Bujin, mieszkasz tak blisko od Frankfurtu, bylem pewny ze tym razem sie spotkamy. Znowu zabraklo ci odwagi zeby ze mna pocwiczyc :roll:
Mocny to ty jestes tylko w jezyku :?
Ale wrocmy do przyjemnych wydarzen. Udalo mi sie jakos dojechac pociagiem do Frankfurtu w piatek wieczorem, mimo 2 przesiadek. Smiesznie sie jedzie pociagiem w Niemczech.....Zenek odebral mnie z dworca i prawie natychmiast pojechalismy na trening iaido. Oni cwicza tez MSR, oraz Seite iai i to w dodatku na parkiecie!!!!! O zgrozo!!!! Dostalem od Zenka ograniacze na kolana, ale to tylko w minimalnym stopniu zlagodzilo moje cierpienia....... Oczywiscie interpretacja technik jest nieco inna przez co poczulem sie bardzo zagubiony. Nawet ciecie robia inaczej. Ale bardzo mi sie podobalo, szczegolnie fakt ze szerokosc ciec jest znacznie mniejsza niz u nas, w ogole robia wszystko bardzo wasko. Seite iai cwiczylem ostanio moze 3 lata temu, ostatnio dodali tam chyba ze 2 nowe techniki, ciekawie bylo odswiezyc wiedze inaczej.
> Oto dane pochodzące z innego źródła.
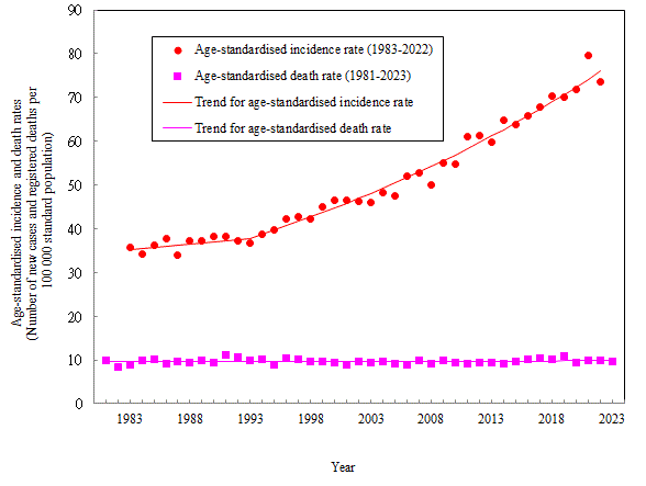 The age-standardised incidence rate of female breast cancer had an upward trend over the past 40 years (average annual percentage change (AAPC)# between 1983 and 2022: 2.0%) and over the past 10 years (AAPC between 2013 and 2022: 2.4%).

Ula, zona Zenka, ma 3 dan, bardzo podobalo mi sie jak cwiczy, ma ducha prawdziwego samuraja
Cwiczylem w drugim kacie sali, ale usilowalem obserwowac jak cwiczy, zeby sie cos od niej tez nauczyc.
Szkoda tylko ze Zenek tak malo pokazywal na normalnej szybkosci.
Niezwykle polecam wszystkim cwiczenie z nim, jest znakomicie wycwiczony.
W sobote Zenek poprosil mnie o zastapienie go i poprowadzenie 2 treningow, bo poprzedniego dnia mial powazny zabieg chirurgiczny u dentysty.
Najpierw cwiczylismy jo przez godzine. Mimo ze wszystko bylo dla nich nowe, uczniowie Zenka bardzo szybko dostosowali sie do innego stylu, i po chwili wszyscy radosnie okladalismy sie kijami. Widac bylo ze cwicza bron systematycznie. Wszystkie techniki robilismy z partnerem, najpierw takie przygotowawcze a na koncu nawet poczatek interpretacji 35 kata.
Potem byl trening technik bez broni. Tutaj bylo troche wiecej klopotow, bo niektore nasze techniki bardzo odbiegaja od klasycznego aikikai, ale po kilkunastu minutach, nawet calkiem poczatkujacy dawali sobie rade. Musze przyznac ze sa to bardzo otwarci ludzie, naprawde starali sie czegos nauczyc. Dla mnie z kolei bylo to duze wyzwanie, jak przekazywac wiedze ludziom z kompletnie innego stylu. Trudna sprawa, ale w pewnym zakresie mozliwa. Nawet udalo nam sie pocwiczyc taka sympatyczna koshinage z ataku yokomen. ......hmhmh........chyba prawie wszystkie techniki byly z tego ataku..........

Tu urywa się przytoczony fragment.